Underwater Audio Species Classification Using Dual-Path Deep Learning
Main Article Content
Abstract
Underwater acoustic species classification is an important task in marine bioacoustic monitoring, ocean biodiversity assessment, and whale communication analysis. However, accurate classification of underwater species sounds is challenging due to background ocean noise, ship noise, sonar interference, signal attenuation, overlapping vocalizations, and variations in call structure across species. To address these challenges, this work proposes a dual-path deep learning framework for underwater audio species classification using both spectrogram based and raw waveform-based feature learning. In the proposed method, raw underwater audio is first processed through denoising, amplitude normalization, and framing. The preprocessed audio is then passed through two parallel branches. The first branch converts the signal into Mel/CQT spectrogram representations and extracts deep spectral features using an EfficientNetV2 model integrated with a CBAM attention layer. The second branch processes the raw waveform using a Wav2Vec 2.0 pretrained transformer to obtain temporal acoustic embeddings.
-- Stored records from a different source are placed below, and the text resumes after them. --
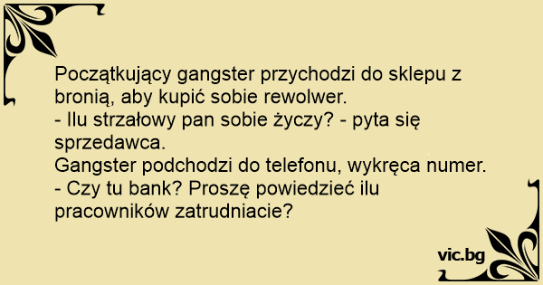 Początkujący gangster przychodzi do sklepu z bronią, aby kupić sobie rewolwer.
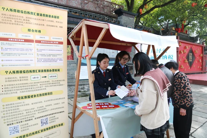 奉贤区税务局走进青溪老街,面向游客市民开展便民税法宣传。现场“零距离”讲解个税年度汇算等政策要点,一对一答疑,进一步营造尊法、学法、守法、用法的良好氛围。
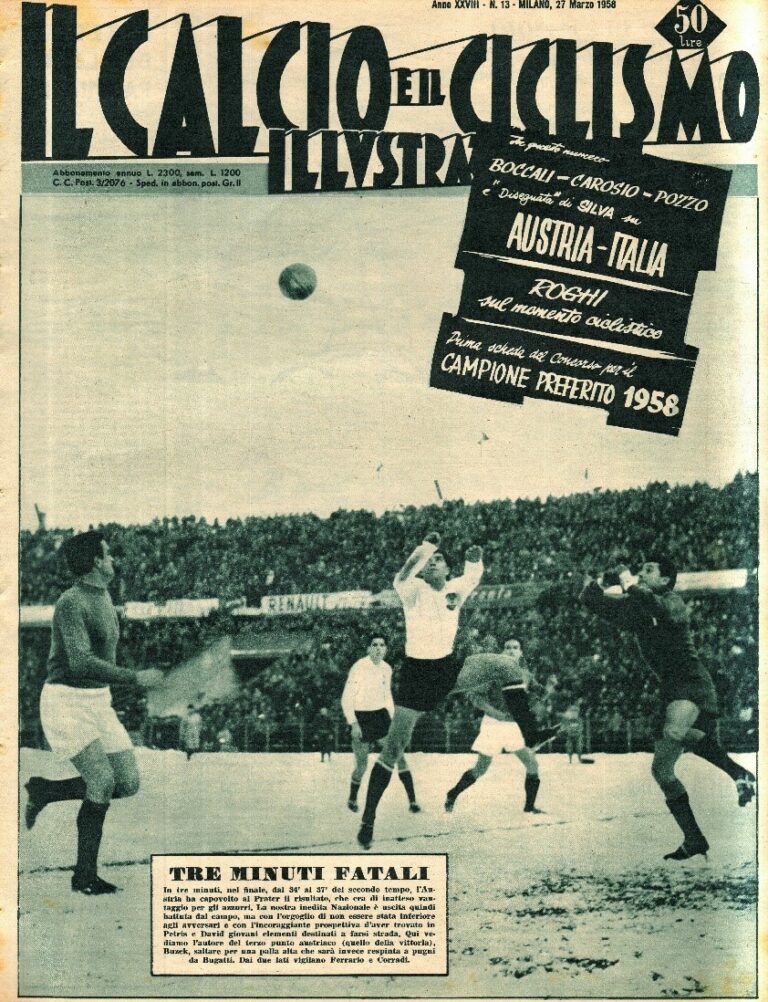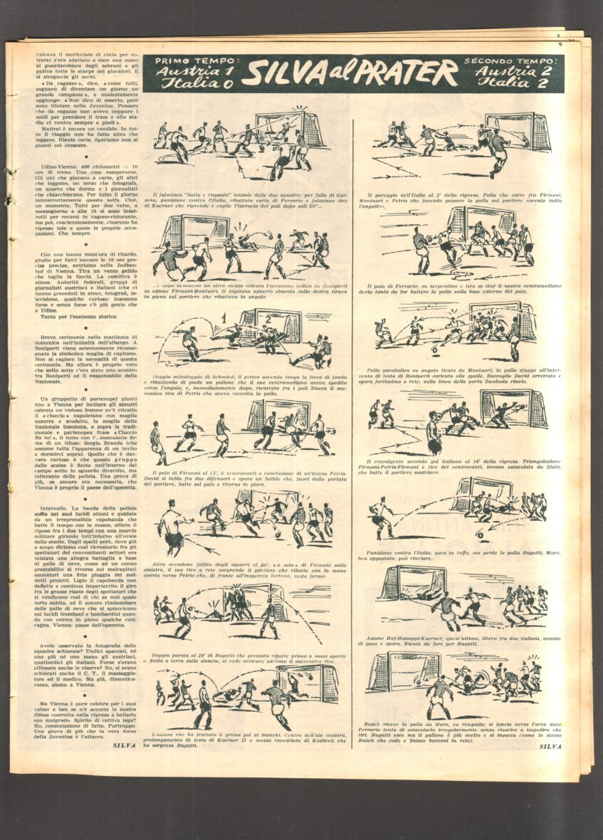 “Il Calcio e il Ciclismo Illustrato” well details that match by headlined on the front page “Three fatal minutes” those that cost Italy an undeserved 3-2 defeat. In addition to the bitterness of the defeat, the match was played in conditions on the edge, or perhaps even beyond, in a field totally covered by snow and with an intense cold to which, however, sixty thousand spectators were happy to submit. A match of the past immortalized by the press in detail and also through the “historic pencil” of Carmelo Silva, as well as the topical moment in which Boniperti presented the Italian pennant to the Austrian captain Hanappi.
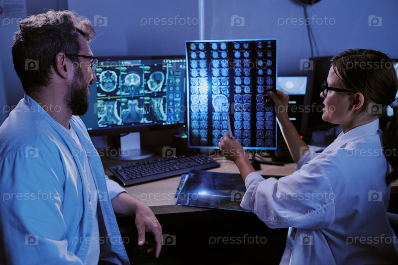 Мужчина и женщина среднего возраста анализируют сканирование мозга в медицинском кабинете
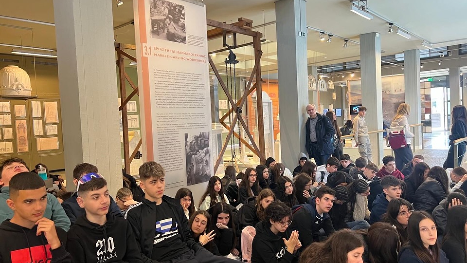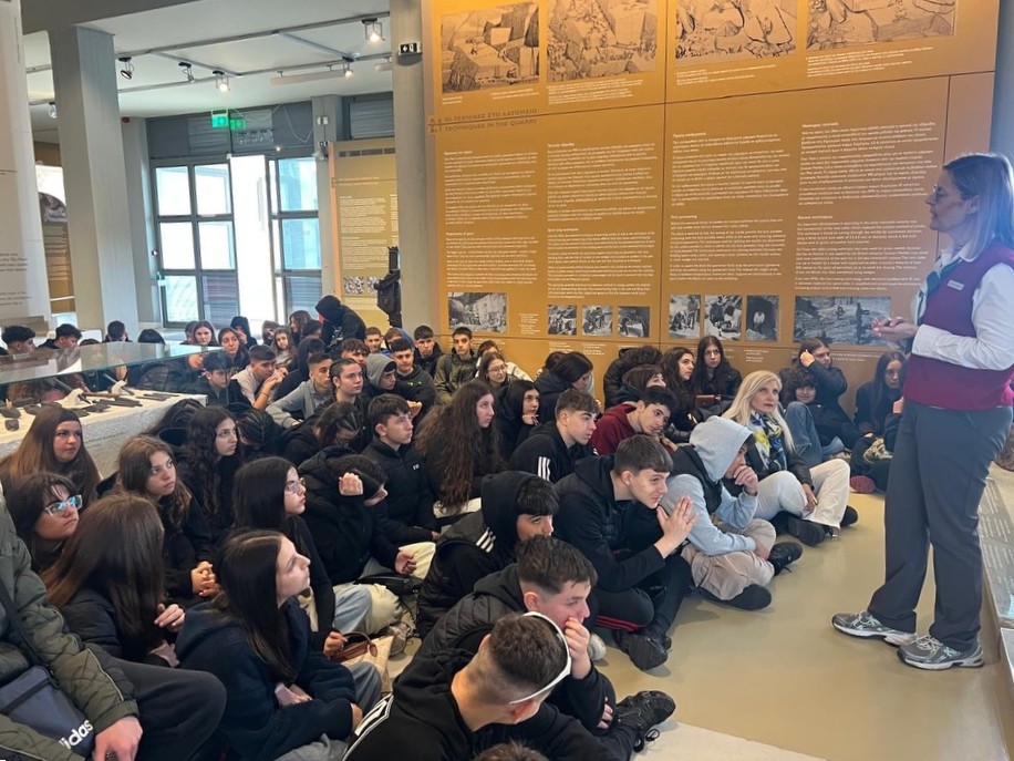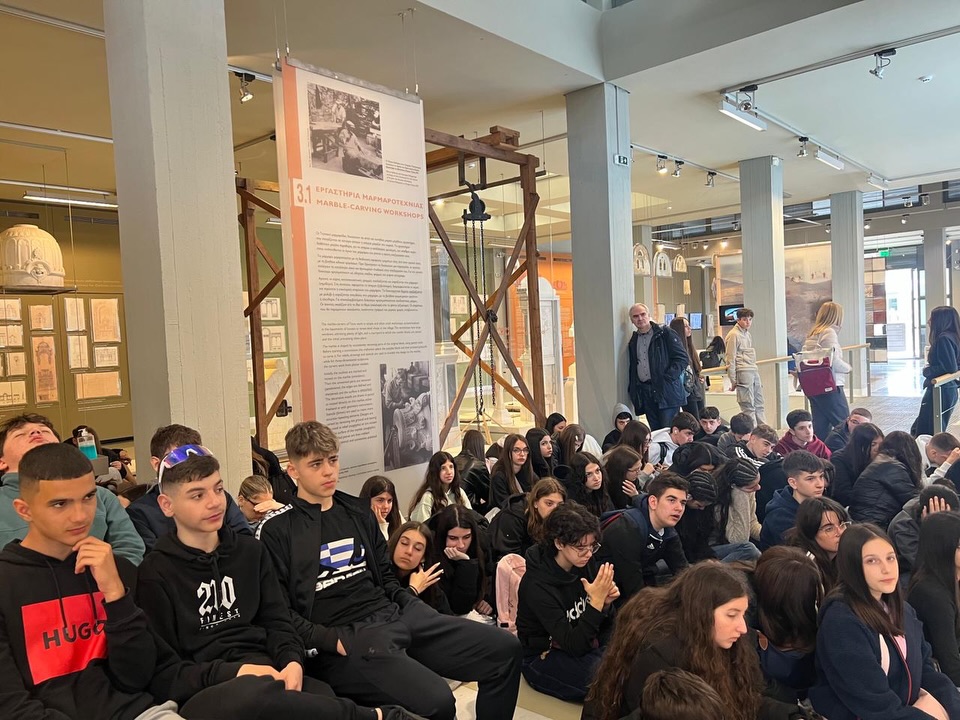 Στη συνέχεια, επισκεφθήκαμε το Μουσείο Μαρμαροτεχνίας στον Πύργο, όπου οι μαθητές γνώρισαν την τέχνη της εξόρυξης και της επεξεργασίας του μαρμάρου, εντυπωσιασμένοι από τη δεξιοτεχνία και την ιστορία της.

The extracted features from both branches are concatenated and passed through a feature fusion layer followed by temporal pooling, fully connected layers, dropout, and softmax classification. The experimental results show that the proposed model effectively captures both time-frequency and waveform-level characteristics of underwater species calls. The model achieved an accuracy of 97.18%, precision of 96.94%, recall of 96.82%, F1 score of 96.88%, specificity of 98.41%, and an error rate of 2.82%. Comparative analysis with existing methods such as MFCC-SVM, CNN, LSTM, ResNet, two-channel fusion networks, and MT-Resformer demonstrates that the proposed EfficientNetV2-CBAM and Wav2Vec 2.0 fusion model provides improved classification performance. The results confirm that the dual-path fusion strategy is effective for robust underwater species identification in noisy marine acoustic environments.